Claret Medical said today that the FDA granted de novo clearance for its Sentinel device, which is designed to trap blood clots before they reach the brain during heart valve replacement procedures.
The Sentinel uses a pair of filters, 1 in the brachiocephalic artery another in the left common carotid artery, to trap debris released during transcatheter aortic valve replacement that could cause a cerebral embolism. Although the device met its primary safety endpoint in a pivotal study (major adverse cardiac and cerebrovascular events at 30 days), it missed the primary efficacy endpoint of reduction in median new lesion volume in protected territories. In February an FDA advisory panel recommended approval for Sentinel, despite the efficacy question.
Today Santa Rosa, Calif.-based Claret said it plans to “immediately” launch the device in “select” high-volume TAVR centers. Sentinel has an ICD code for reimbursement and the company said it’s working with the Centers for Medicare & Medicaid Services on winning a new technology add-on payment.
“The advent of ‘protected TAVR’ is here, and we believe that Sentinel will create a paradigm shift in how TAVR patients are treated in the U.S.,” president & CEO Azin Parhizgar said in prepared remarks. “The science behind the device has set a high bar for other embolic protection devices to meet and its safety record is indisputable. By helping to reduce the occurrence of peri-procedural strokes, we intend to provide patients and physicians with greater peace of mind as they approach a TAVR procedure.”
“Strokes are devastating – they are random and unpredictable, and they are 1 of the biggest fears of any TAVR patient and their treating physician.
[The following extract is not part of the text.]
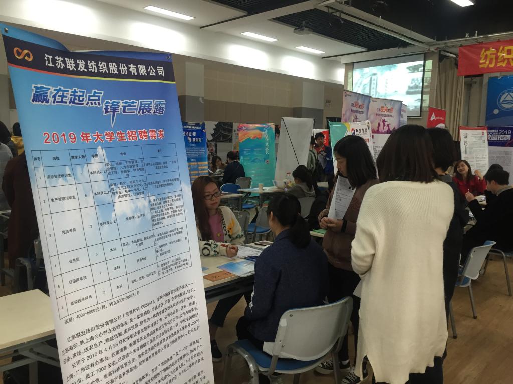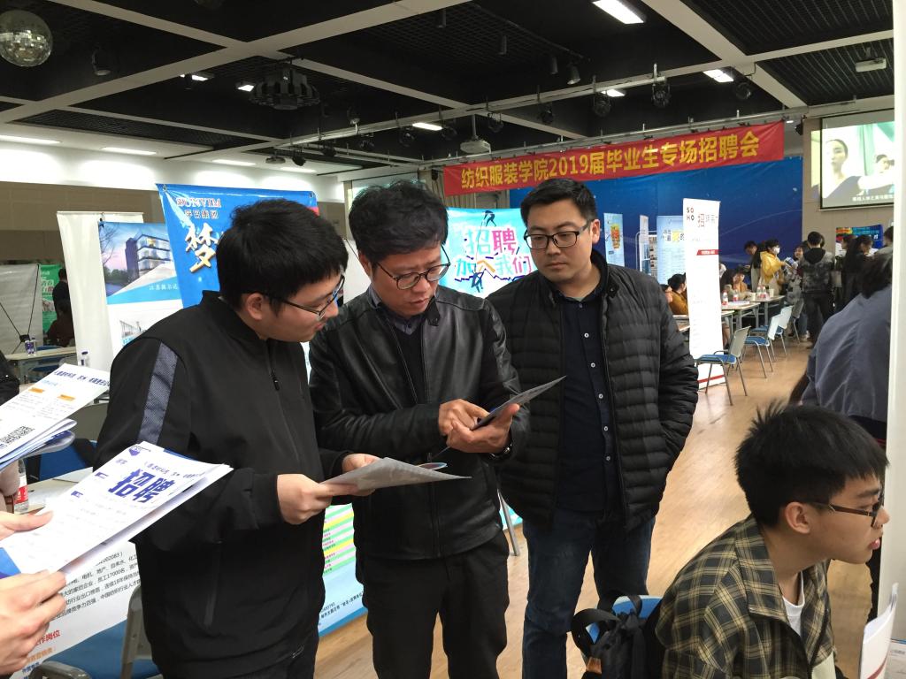 学院2019届毕业生共517人,其中本科毕业生363人,研究生毕业生154人。本次招聘会共有来自省内外的65家纺织、轻化、服装行业的单位参会,其中包括江苏省纺织研究所股份有限公司、通标标准技术服务有限公司、江苏红豆国际发展有限公司、浙江恒逸集团有限公司等国内知名企业,共为毕业生提供就业岗位1254个。本科生平均起薪6000元/月,硕士研究生平均起薪8000元/月,博士研究生平均起薪12000元/月。

Anything we can do as clinicians to reduce the risk of brain injury is extremely meaningful,” added Sentinel trial clinical steering chairman Dr. Martin Leon of Columbia University Medical Center/New York-Presbyterian Hospital. “The 63% reduction in clinical strokes in the first 72 hours after TAVR, combined with the fact that 1 in 4 patients had an average of 25 particles of debris collected that were visible to the naked eye, is striking. The device was delivered safely, added minimal time to the procedure, and performed as intended with capture of embolic material and reduction in ischemic brain injury.”
Claret filed for FDA clearance in September 2016 for Sentinel, which won CE Mark approval in the European Union in 2013.